Number the members of the council from $1$ to $7$ in such a way that members $1$ to $3$ are those on the steering committee. By symmetry, the probability that member $\ i$'s vote is decisive is the same for all $\ i\in\{1,2,3\}\ $, so you can answer the first question by finding the probability that member $1$'s vote is decisive.

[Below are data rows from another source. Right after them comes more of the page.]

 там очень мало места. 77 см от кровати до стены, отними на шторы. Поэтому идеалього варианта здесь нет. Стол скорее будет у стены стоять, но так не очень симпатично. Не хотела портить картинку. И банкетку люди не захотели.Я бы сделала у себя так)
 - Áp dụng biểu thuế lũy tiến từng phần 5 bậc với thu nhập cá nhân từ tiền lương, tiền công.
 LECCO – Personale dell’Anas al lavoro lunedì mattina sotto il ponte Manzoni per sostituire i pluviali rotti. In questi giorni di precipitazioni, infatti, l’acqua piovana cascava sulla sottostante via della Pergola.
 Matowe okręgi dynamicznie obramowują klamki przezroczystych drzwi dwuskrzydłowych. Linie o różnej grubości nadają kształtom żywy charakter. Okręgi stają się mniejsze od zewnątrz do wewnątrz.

Similarly, for all $\ i\in\{4,5,6,7\}\ $, the probability that member $\ i$'s vote is decisive is the same, and the second question can be answered by finding the probability that member $4$'s vote is decisive.

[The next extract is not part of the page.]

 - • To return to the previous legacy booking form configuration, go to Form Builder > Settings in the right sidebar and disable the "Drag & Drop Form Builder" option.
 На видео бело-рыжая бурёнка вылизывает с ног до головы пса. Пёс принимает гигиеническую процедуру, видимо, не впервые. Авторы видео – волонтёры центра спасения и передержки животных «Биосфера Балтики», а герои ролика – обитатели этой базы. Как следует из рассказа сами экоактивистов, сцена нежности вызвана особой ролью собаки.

Let $\ m_i=1\ $ if member $\ i\ $ approves the legislation, or $\ m_i=0\ $ if he or she doesn't, $\ a=\sum_\limits{i=1}^3m_i\ $ the number of steering committee members who approve the legislation, and $\ b=\sum_\limits{i=4}^7m_i\ $ the number of non-steering committee members who do so. The conditions for the legislation to pass are then $\ a\ge2\ $ and $\ a+b\ge4\ $.

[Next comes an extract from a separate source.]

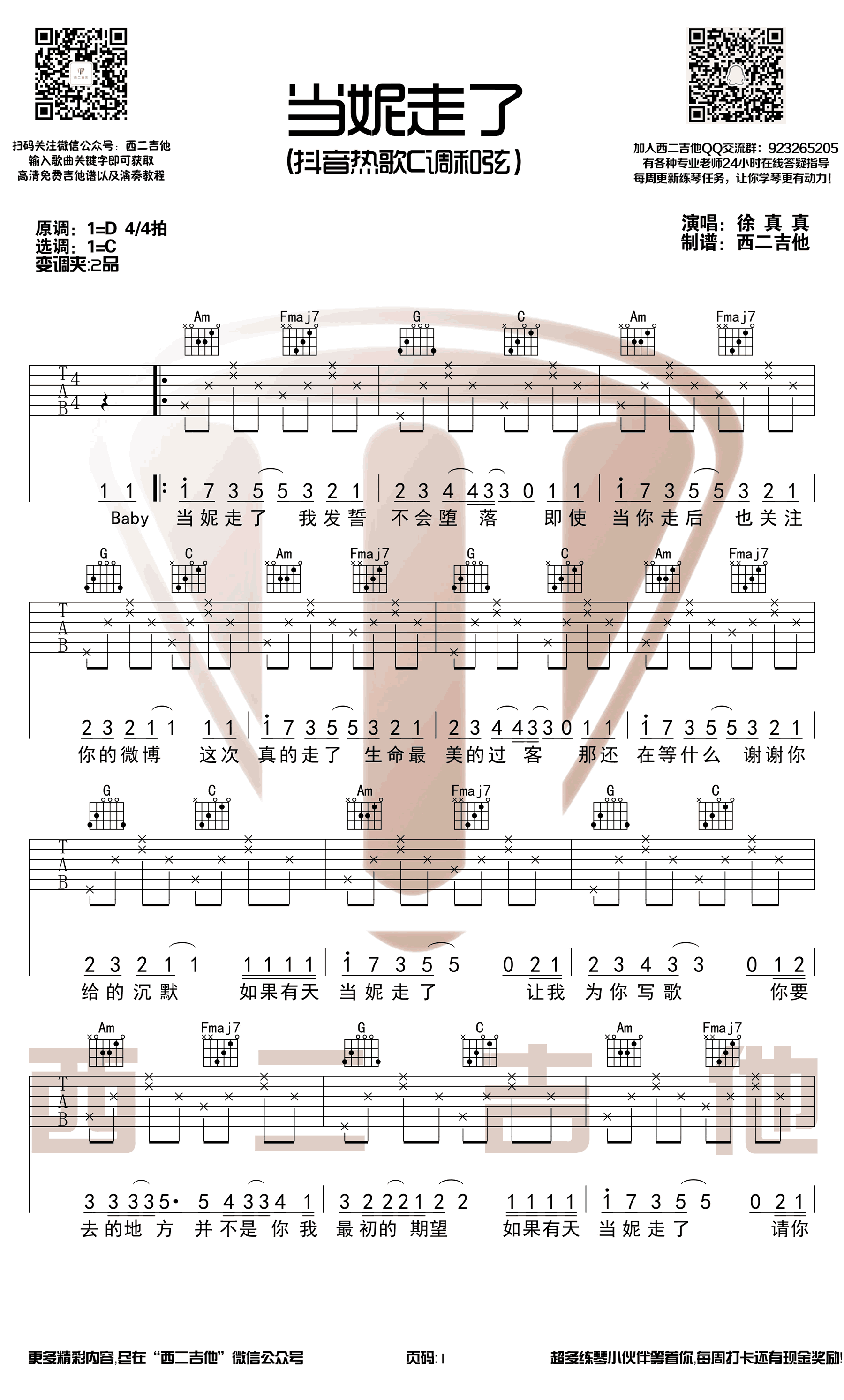 《西二《当妮走了吉他谱》(C调)》内容来自于互联网,不能保证内容的准确性与完整性,仅供学习交流欣赏,请勿用于其它用途,内容版权归原作者及来源网站所有,如有侵犯到您的权益请来信告知,我们将及时删除。

The event that member $1$'s vote is decisive can be broken down into several cases:
In the first two cases (which are not mutually exclusive events) the legislation does not pass, but would do if member $1$ were to reverse his or her vote. In the last two cases (again not mutually exclusive) the legislation does pass, but would not do so if member $1$ were to reverse his or her vote. Thus, the probability that member $1$'s vote is decisive is \begin{align} P\big[&\big(\big\{m_1=0\big\}\cap\big\{a=1\big\}\cap\big\{b\ge2\big\}\big)\\ &\cup\big(\big\{m_1=0\big\}\cap\big\{a\ge1\big\}\cap\big\{a+b=3\big\}\big)\\ &\cup\big(\big\{m_1=1\big\}\cap\big\{a=2\big\}\cap\big\{b\ge2\big\}\big)\\ &\cup\big(\big\{m_1=1\big\}\cap\big\{a\ge2\big\}\cap\big\{a+b=4\big\}\big)\big]\\ =P\big[&\big(\big\{m_1=0\big\}\cap\big\{a=1\big\}\cap\big\{b\ge2\big\}\big)\\ &\cup\big(\big\{m_1=0\big\}\cap\big\{a=2\big\}\cap\big\{b=1\big\}\big)\\ &\cup\big(\big\{m_1=1\big\}\cap\big\{a=2\big\}\cap\big\{b\ge2\big\}\big)\\ &\cup\big(\big\{m_1=1\big\}\cap\big\{a=3\big\}\cap\big\{b=1\big\}\big)\big]\ . \end{align} The events whose disjunction appears in the probability on the right side of this identity are mutually exclusive, so the probabiliy can be evaluated by summing the individual probabilities of these four events. These are \begin{align} P\big[\big\{m_1=0\big\}\cap\big\{a=1\big\}\cap\big\{b\ge2\big\}\big]&=(1-p)^2\cdot2p\cdot\sum_{i=2}^4{4\choose i}p^i(1-p)^{4-i}\\ &=2\sum_{i=2}^4{4\choose i}p^{i+1}(1-p)^{6 -i}\\ P\big[\big\{m_1=0\big\}\cap\big\{a=2\big\}\cap\big\{b=1\big\}\big]&=(1-p)\cdot p^2\cdot 4p(1-p)^3\\ &=4p^3(1-p)^4\\ P\big[\big\{m_1=1\big\}\cap\big\{a=2\big\}\cap\big\{b\ge2\big\}\big]&=p^2\cdot2(1-p)\cdot\sum_{i=2}^4{4\choose i}p^i(1-p)^{4-i}\\ &=2\sum_{i=2}^4{4\choose i}p^{i+2}(1-p)^{5 -i}\\ P\big[\big\{m_1=1\big\}\cap\big\{a=3\big\}\cap\big\{b=1\big\}\big]&=p^3\cdot4p(1-p)^3\\ &=4p^4(1-p/)^3\ . \end{align} The event that member $1$'s vote is decisive is the sum of these four probabilities. The probability that member $4$'s vote is decisive can be found by a similar procedure. Can you try this for yourself?